BRIEF:
Please restate the listing word for word, omitting the images.
● ● ●
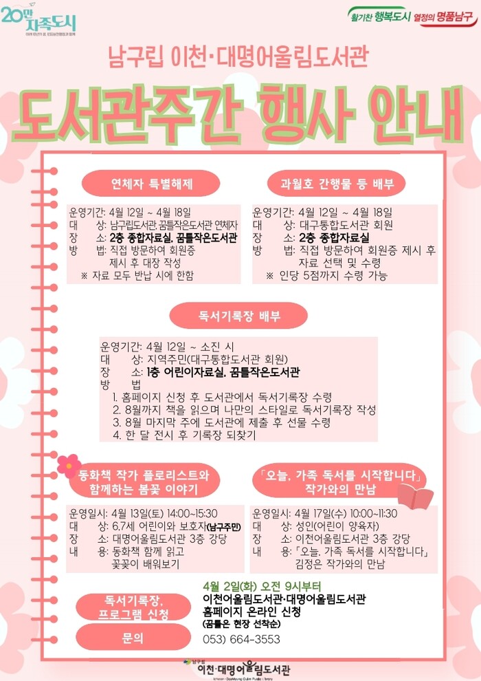 도서관 주간 동안 남구립도서관은 ▲4월 13일 동화책 작가 겸 플로리스트와 함께하는 봄꽃 이야기 ▲4월 17일「오늘, 가족 독서를 시작합니다」김정은 작가와의 만남 ▲4월 12일부터 18일까지 연체자 특별해제, 과월호 간행물 배부, 독서기록장 배부 등을 운영한다.
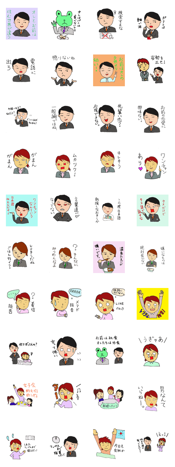 上司のありがたいお言葉スタンプ 丸井紀 コメントをどうぞ 時にむかつく上司のありがたいお言葉で、女性のみなさん、今日もがんばろう! このスタンプどう思う?!↓クリックで投票♪好き (0)かわいい (0)かっこいい (0)おもしろい (0)使いやすそう (0)欲しい (0)萌え (0)ほっこりする (0)おしゃれ (0)ゆるい (0)こわい (0)ウザい (0)キモい (0)ムカつく (0)持ってる (0)癒される (0)セクシー (0)個性的 (0)私は買わない (0)誰かプレゼントして! (0) 購入・プレゼントする Facebookでシェア Twitterでシェア
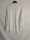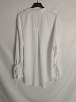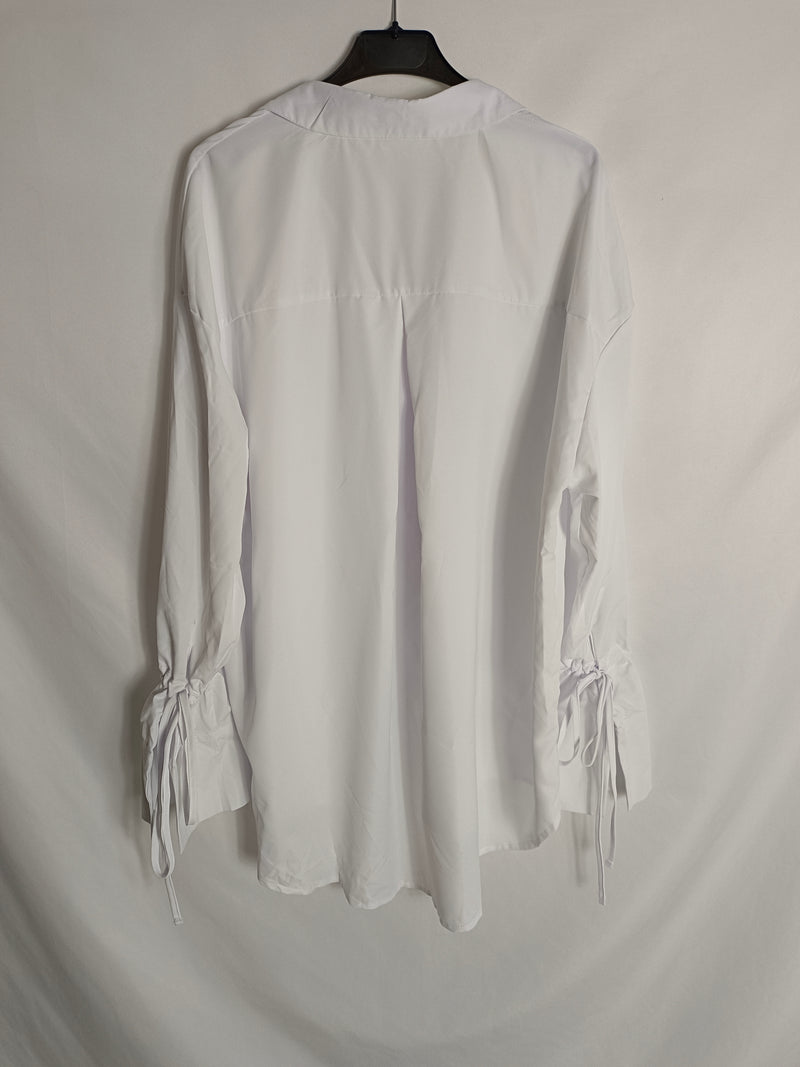 Blusa blanca oversized con detalla de lazada en las mangas.
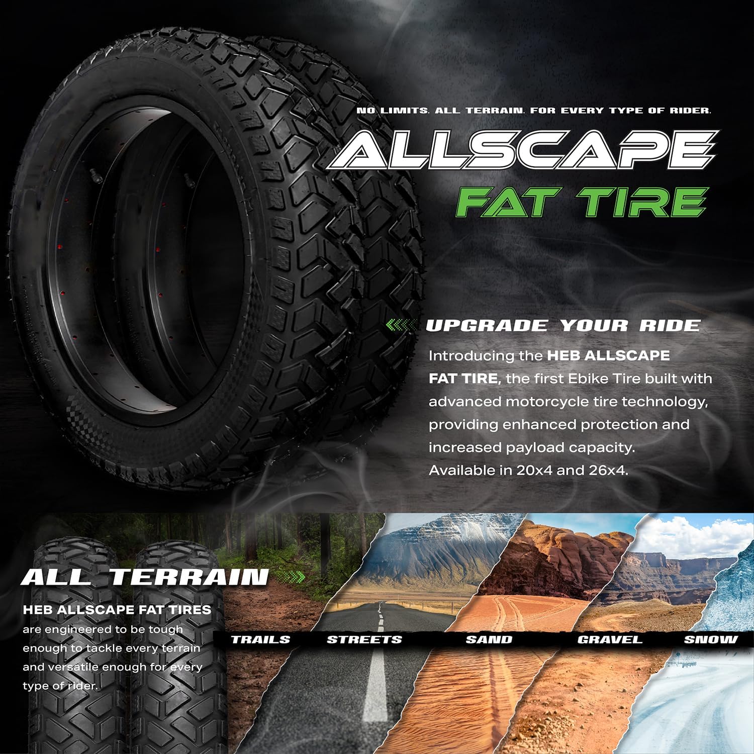 MOTORCYCLE TIRE TECHNOLOGY IN AN E-BIKE TIRE: The HEB ALLSCAPE is built with Motorcycle Tire Technology with HIGH-DENSITY RUBBER with ENHANCED THICKNESS and TREAD QUALITY, which allows for greater load-bearing capacity, and increased durability required for ebikes dealing with increased payload, tread wear, increased torque, etc.
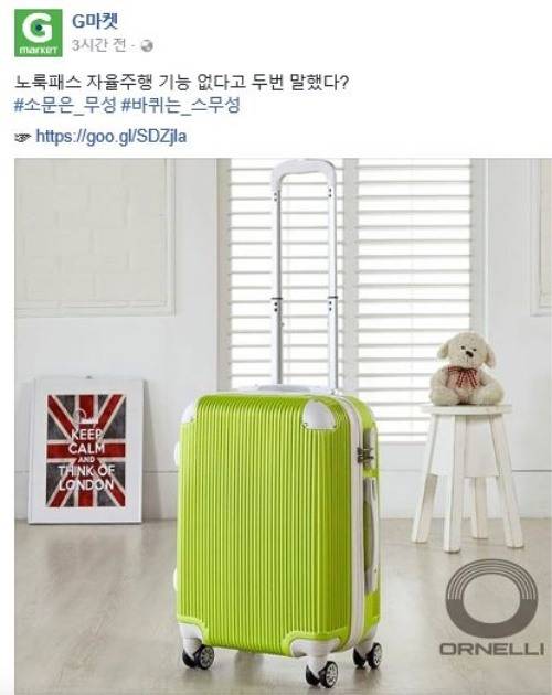 24일 G마켓은 공식 페이스북에 “노룩패스 자율주행 기능 없다고 두번 말했다? #소문은_무성 #바퀴는_스무성”라는 글과 함께 한 장의 사진을 올렸다.
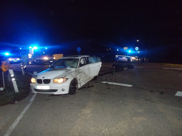 03.11.2016, 05.35 Uhr. Im Kreuzungsbereich L507/K38 kam es zwischen einem 36-jährigen Motorradfahrer aus der Verbandsgemeinde Lingenfeld und einer 34-jährigen Fahrerin eines BMW aus der Verbandsgemeinde Edenkoben zu einem Vorfahrtsunfall, der für den Motorradfahrer tödlich ausging. Die BMW-Fahrerin wollte von Freimersheim in Richtung Zeiskam fahren und übersah den aus Richtung Freisbach kommenden Motorradfahrer. Dieser kollidierte mit ihrer Fahrerseite, als sie die Kreuzung überquerte. Die Frau wurde leicht verletzt und vom Rettungsdienst in ein Krankenhaus gebracht. Die Kreuzung war bis 08.50 Uhr gesperrt.
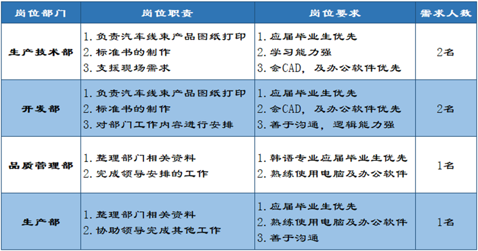 “烟台泰星汽车部品有限公司”(YanTai Taesung Automotive Parts Co.,LTD)系“韩国泰星电装株式会社”(http://www.tecstar.co.kr)在烟台市莱山经济开发区投资兴建的独资外企,现因规模增加,需招收办公室人员6名,凡达到以下用工标准均可报名:
● ● ●
ANSWER SECTION:
 도서관 주간 동안 남구립도서관은 ▲4월 13일 동화책 작가 겸 플로리스트와 함께하는 봄꽃 이야기 ▲4월 17일「오늘, 가족 독서를 시작합니다」김정은 작가와의 만남 ▲4월 12일부터 18일까지 연체자 특별해제, 과월호 간행물 배부, 독서기록장 배부 등을 운영한다.
 上司のありがたいお言葉スタンプ 丸井紀 コメントをどうぞ 時にむかつく上司のありがたいお言葉で、女性のみなさん、今日もがんばろう! このスタンプどう思う?!↓クリックで投票♪好き (0)かわいい (0)かっこいい (0)おもしろい (0)使いやすそう (0)欲しい (0)萌え (0)ほっこりする (0)おしゃれ (0)ゆるい (0)こわい (0)ウザい (0)キモい (0)ムカつく (0)持ってる (0)癒される (0)セクシー (0)個性的 (0)私は買わない (0)誰かプレゼントして! (0) 購入・プレゼントする Facebookでシェア Twitterでシェア
 Blusa blanca oversized con detalla de lazada en las mangas.
 MOTORCYCLE TIRE TECHNOLOGY IN AN E-BIKE TIRE: The HEB ALLSCAPE is built with Motorcycle Tire Technology with HIGH-DENSITY RUBBER with ENHANCED THICKNESS and TREAD QUALITY, which allows for greater load-bearing capacity, and increased durability required for ebikes dealing with increased payload, tread wear, increased torque, etc.
 24일 G마켓은 공식 페이스북에 “노룩패스 자율주행 기능 없다고 두번 말했다? #소문은_무성 #바퀴는_스무성”라는 글과 함께 한 장의 사진을 올렸다.
 03.11.2016, 05.35 Uhr. Im Kreuzungsbereich L507/K38 kam es zwischen einem 36-jährigen Motorradfahrer aus der Verbandsgemeinde Lingenfeld und einer 34-jährigen Fahrerin eines BMW aus der Verbandsgemeinde Edenkoben zu einem Vorfahrtsunfall, der für den Motorradfahrer tödlich ausging. Die BMW-Fahrerin wollte von Freimersheim in Richtung Zeiskam fahren und übersah den aus Richtung Freisbach kommenden Motorradfahrer. Dieser kollidierte mit ihrer Fahrerseite, als sie die Kreuzung überquerte. Die Frau wurde leicht verletzt und vom Rettungsdienst in ein Krankenhaus gebracht. Die Kreuzung war bis 08.50 Uhr gesperrt.
 “烟台泰星汽车部品有限公司”(YanTai Taesung Automotive Parts Co.,LTD)系“韩国泰星电装株式会社”(http://www.tecstar.co.kr)在烟台市莱山经济开发区投资兴建的独资外企,现因规模增加,需招收办公室人员6名,凡达到以下用工标准均可报名:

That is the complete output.